Apr
25
2017
0

Underwinter #2 Review

Written by: Ray Fawkes

Art by: Ray Fawkes

Publisher: Image Comics

In a way, Underwinter reminds me of The Green Room. You have a group of musicians who play a gig they shouldn’t be playing, and someone witnesses something he really shouldn’t have witnessed. Pretty simple. However, the two relate in a third way:

Both are so tense that they’re almost hard to get through.

Ray Fawkes is a masterful artist, which is an odd thing to say if you only catch a panel or two of this comic.
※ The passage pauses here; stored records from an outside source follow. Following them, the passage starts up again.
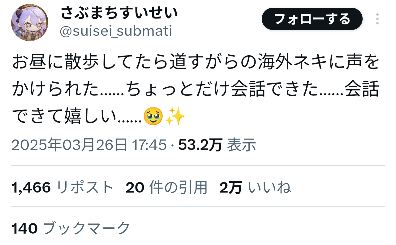 引用元: 【朗報】星街すいせいちゃん、外国人に話しかけられて英語で会話した事を報告 https://nova.5ch.net/test/read.cgi/livegalileo/1754397356/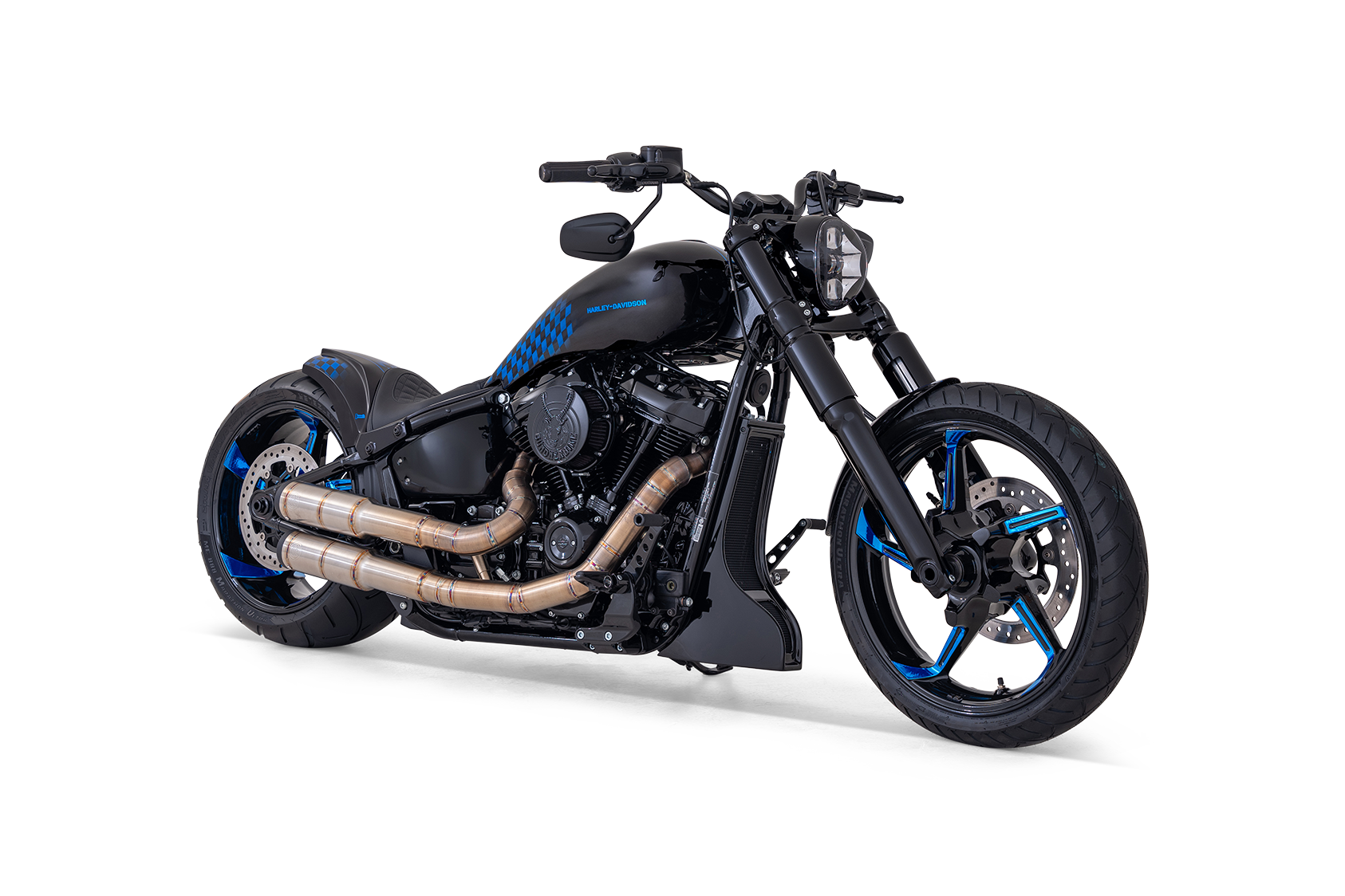 Mit der Harley-Davidson Cruiser Breakout 117 als Basis verkörpert die Midnight Chrome pure Eleganz und ungezähmte Kraft. Ihr tiefschwarzes Finish trifft auf markante Chromakzente, die im Sonnenlicht glänzen und bei Nacht geheimnisvoll schimmern. Sportlich, kompromisslos und mit einer Präsenz, die Blicke fesselt – dieses Bike ist gemacht für alle, die nicht nur fahren, sondern dominieren wollen. Midnight Chrome: Wo dunkle Eleganz auf glänzende Power trifft.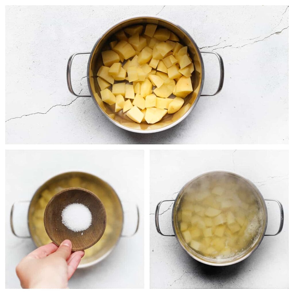Schil en snijd de aardappels in stukken. Breng een pan met water aan de kook, voeg de aardappels (optioneel: beetje zout) toe en kook ze in ca. 15 minuten gaar. Giet af.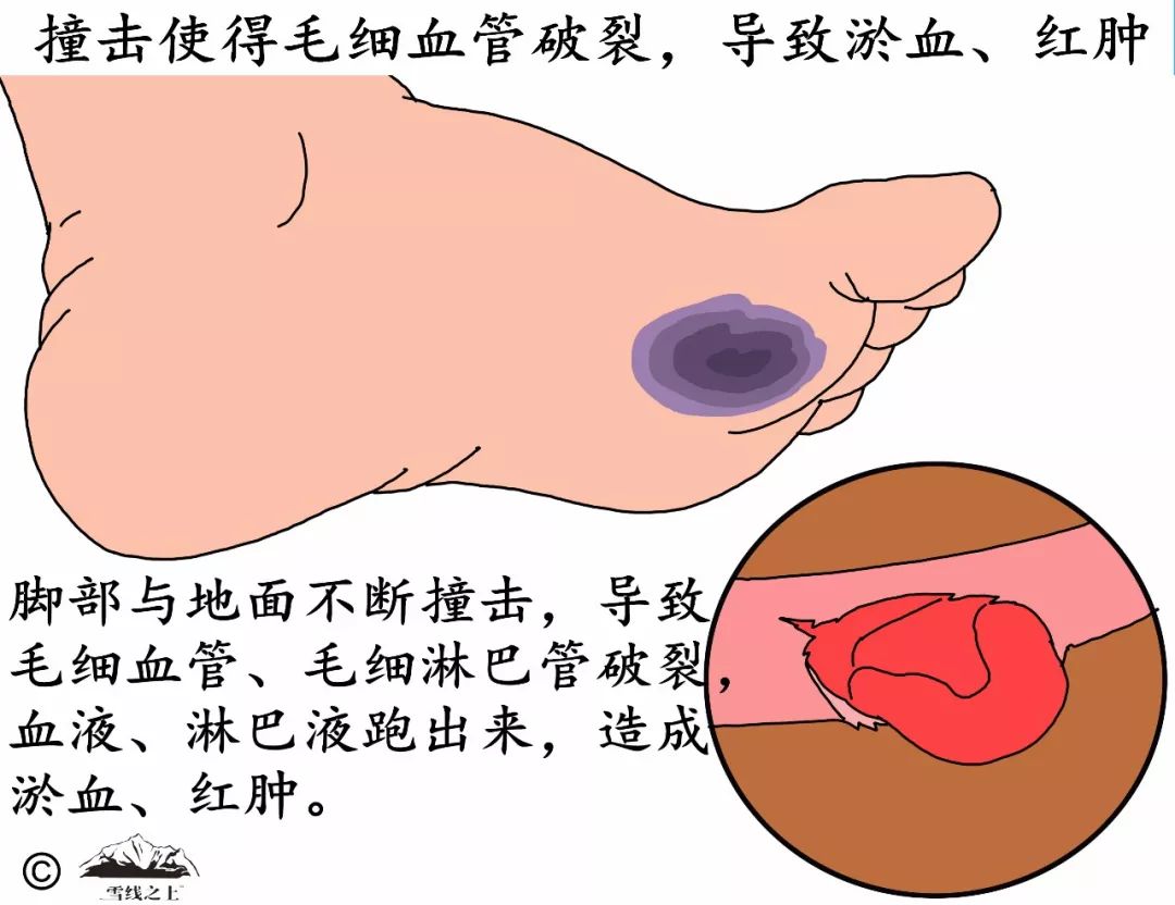 正常情况下的撞击双足是可以承受的,但是当遇到路面太硬、背负的物资过重、鞋袜没选好等情况时,就可能因为撞击过度导致毛细血管、毛细淋巴管破裂,血液、淋巴液流出,足部出现血肿、红肿等现象。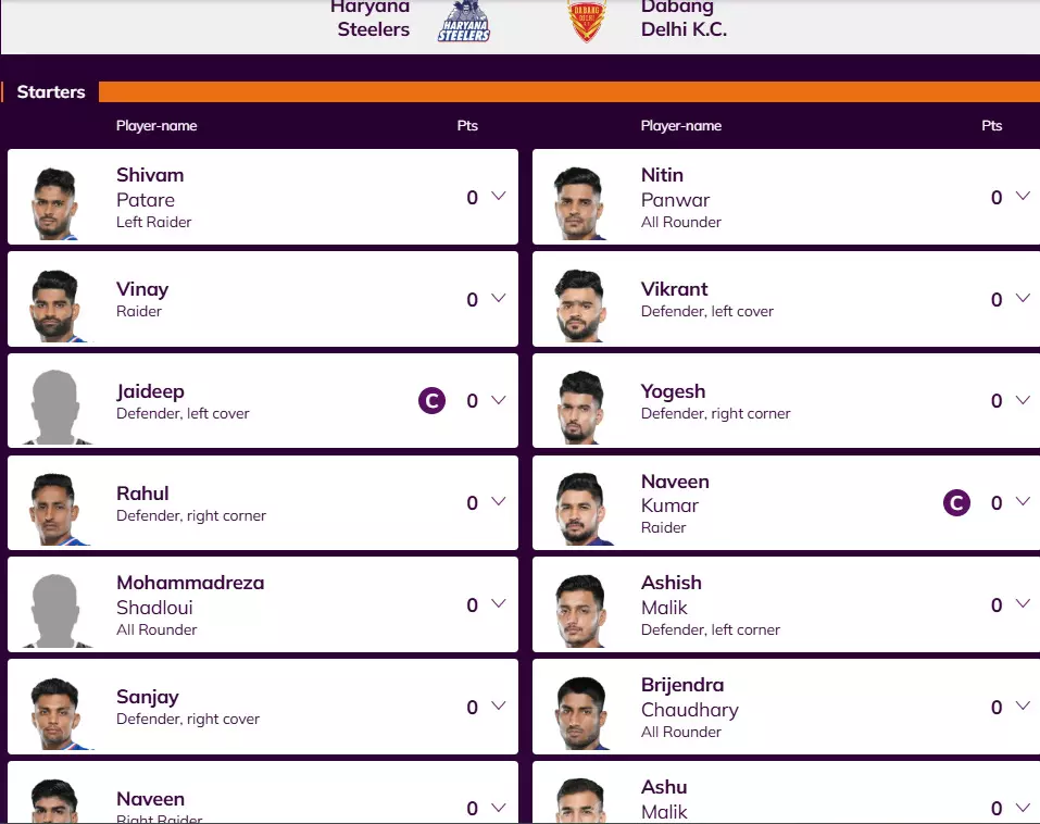 The defender Jaideep will be leading Haryana Steelers while Danag Delhi chose their star raider Naveen Kumar as the captain for the match.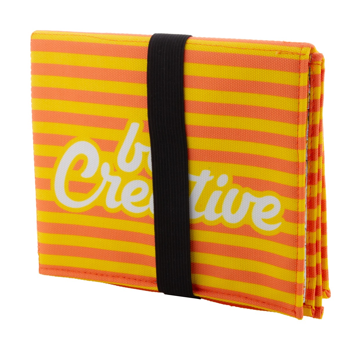 Pernă de stadion, personalizată, pliabilă, din poliester 600D RPET, cu fund izolator din aluminiu. Cu grafică imprimată prin sublimare pe partea din față. MOQ: 50 buc.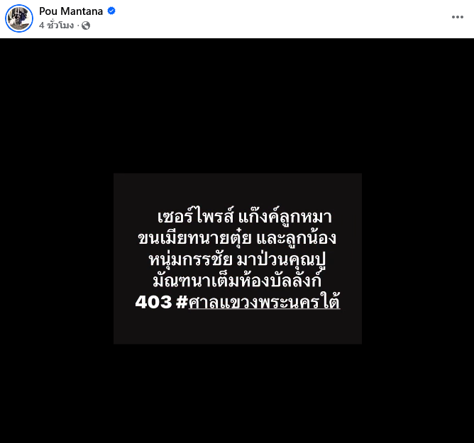 ประเด็นหลักคือวันนี้ (21 เมษายน 2569) ศาลมีคำพิพากษาว่า ปู มัณฑนา จำคุก 2 ปี ไม่รอลงอาญา ซึ่งคุณปูมีสิทธิที่จะประกันตัวเพื่อประกันตัวต่อไป ซึ่งเป็นเรื่องระหว่างคุณปูและคุณลูกหมี ซึ่งผมไม่เกี่ยว แต่ผมมีประเด็นที่ไม่สบายใจ คือ มีข้อความที่ตนสงสัยว่า ปู มัณฑนา เป็นคนโพสต์ ระบุว่า เซอร์ไพรส์ แก๊งลูกหมา ขนเมียทนายตุ๋ย และลูกน้องหนุ่มกรรชัย มาป่วนคุณปู มัณฑนาเต็มห้องบัลลังก์ 403 ศาลแขวงพระนครใต้ พร้อมลงเพลงอีลูกช่างสอด ของจ๊ะ นงผณี

The artwork is bizarre as hell; everything is surreal and distorted—sometimes to the point of being kaleidoscopic—the drawings range from beautiful watercolor works to what look like childish crayon drawings, facial expressions don’t often make sense, and every panel is surrounded by a pure-black sludge.

Taken as parts, it might be a bit much, a bit too out there or hard to follow, but combined it’s absolutely perfect.

Let’s examine the first page. We’re looking at a house and some trees. The trees are green pines, childish in execution, and the house is an off-white pink. The surrounding area is white. The place looks pleasant if not a bit empty, but otherwise one I’d like to visit for a glass of wine and some nice company. Except the border is a thick, dark black, less a border and more like lines to a prison cell, and the text reads like apocalyptic serial-killer poetry.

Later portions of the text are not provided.